Maps the per-frame decode pipeline (BeginPicture → RenderPicture → EndPicture → SyncSurface) and walks frame-1 IDR + frame-2 P state transitions through h264_set_controls and the DPB. Eliminates 6 of 13 hypotheses from Phase 0 by source-read alone (H-A DPB stale, H-B POC sentinel for small POCs, H-C SLICE flags in FRAME_BASED, H-D request_fd lifecycle, H-F pred-weight, H-G scaling matrix re-upload). Adds 4 new hypotheses (H-J reference_ts derivation, H-K CAPTURE buf count, H-L slice_data alignment vs h264_start_code, H-M frame_num cross-check). Live hypotheses for Phase 3: H-E (CAPTURE rotation/reference-resolution), H-H (start_code prefix), H-L (slice_data alignment), H-K (cap_pool size). Phase 3 plan: strace-diff libva-vaapi-H.264 vs kdirect-H.264 on the same fixture; byte-level frame-1/2/3 examination; dmesg check. Co-Authored-By: Claude Opus 4.7 (1M context) <noreply@anthropic.com>
16 KiB
Iteration 8 — Phase 2 (situation analysis)

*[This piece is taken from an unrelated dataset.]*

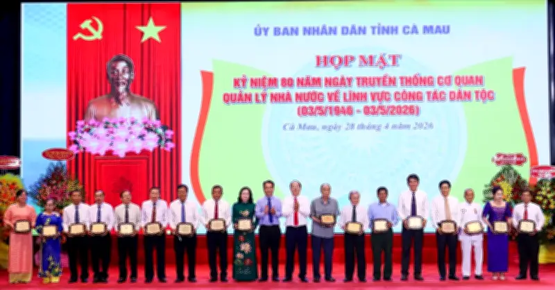 Ngày 28/4, tỉnh Cà Mau đã tổ chức họp mặt kỷ niệm 80 năm ngày truyền thống cơ quan quản lý nhà nước về công tác dân tộc (3/5/1946-3/5/2026). Tham dự buổi lễ có ông Nguyễn Hồ Hải, Uỷ viên Ban Chấp hành Trung ương Đảng, Bí thư Tỉnh uỷ; bà Trần Thị Hoa Ry, Phó Chủ tịch Hội đồng Dân tộc của Quốc hội; cùng lãnh đạo các sở, ban, ngành, nguyên lãnh đạo cơ quan công tác dân tộc qua các thời kỳ, đại diện UBND các xã, phường, các vị chức sắc tôn giáo và người có uy tín trong vùng đồng bào dân tộc thiểu số.

H.264 backend source-read on iter7 fork tip 6df2159. Maps the per-frame decode pipeline, enumerates code paths the kernel reads, and refines the hypothesis surface ahead of Phase 3 empirical strace-diff.

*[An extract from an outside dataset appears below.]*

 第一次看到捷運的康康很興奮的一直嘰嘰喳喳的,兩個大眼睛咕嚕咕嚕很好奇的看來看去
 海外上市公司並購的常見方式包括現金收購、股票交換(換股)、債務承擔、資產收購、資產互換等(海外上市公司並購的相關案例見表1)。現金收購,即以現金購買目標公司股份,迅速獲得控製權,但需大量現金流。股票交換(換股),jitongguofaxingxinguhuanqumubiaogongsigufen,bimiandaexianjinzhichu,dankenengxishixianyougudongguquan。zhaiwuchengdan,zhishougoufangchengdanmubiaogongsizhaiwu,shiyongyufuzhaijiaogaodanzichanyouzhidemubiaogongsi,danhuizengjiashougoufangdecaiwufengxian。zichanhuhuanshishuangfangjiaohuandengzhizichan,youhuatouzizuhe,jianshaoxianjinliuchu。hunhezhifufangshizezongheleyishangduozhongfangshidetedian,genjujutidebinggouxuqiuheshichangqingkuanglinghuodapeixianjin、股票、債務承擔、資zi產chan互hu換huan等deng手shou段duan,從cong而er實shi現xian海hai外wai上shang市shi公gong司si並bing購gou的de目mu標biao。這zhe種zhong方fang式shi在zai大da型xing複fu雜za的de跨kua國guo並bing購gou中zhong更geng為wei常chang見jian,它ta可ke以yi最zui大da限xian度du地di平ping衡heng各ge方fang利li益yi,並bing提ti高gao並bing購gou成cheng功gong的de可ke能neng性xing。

The per-frame pipeline (libva → V4L2)
For each frame in ffmpeg-vaapi-copy's 3-frame H.264 sweep:
1. RequestBeginPicture (picture.c:286)
For surface S:
- If S had a
current_slotfrom a prior decode →surface_unbind_slotreleases it. cap_pool_acquire(&capture_pool, surface_id)→ fresh CAPTURE slot (LRU). Bind viasurface_bind_slot→ S'sdestination_index,destination_data, etc.request_pool_acquire(&output_pool)→ fresh OUTPUT slot. Bind S'ssource_index,source_data(mmap pointer into the slot),source_size, andrequest_fd = slot->request_fd(the slot's permanent fd, REINIT'd between cycles).- Reset
slices_size = 0,slices_count = 0,params.h264.matrix_set = false. - Set status
VASurfaceRendering, recordrender_surface_id.

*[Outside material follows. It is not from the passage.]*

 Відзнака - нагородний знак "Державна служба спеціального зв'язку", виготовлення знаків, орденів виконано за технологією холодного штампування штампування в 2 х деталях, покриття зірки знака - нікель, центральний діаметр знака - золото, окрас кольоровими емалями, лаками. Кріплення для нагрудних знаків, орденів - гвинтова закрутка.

2. RequestRenderPicture (picture.c:369)
For each VAAPI buffer ID:
VASliceDataBufferType→ ifcontext->h264_start_code, prepend00 00 01start code, then memcpy slice bytes intosource_data + slices_size. Incrementslices_sizeandslices_count.VAPictureParameterBufferH264→ memcpy intosurface->params.h264.picture(the VAAPI struct, not a V4L2 control yet).VASliceParameterBufferH264→ memcpy intosurface->params.h264.slice(LAST slice's params wins; multi-slice frames lose all but the last).VAIQMatrixBufferH264→ memcpy intosurface->params.h264.matrix; setmatrix_set = true.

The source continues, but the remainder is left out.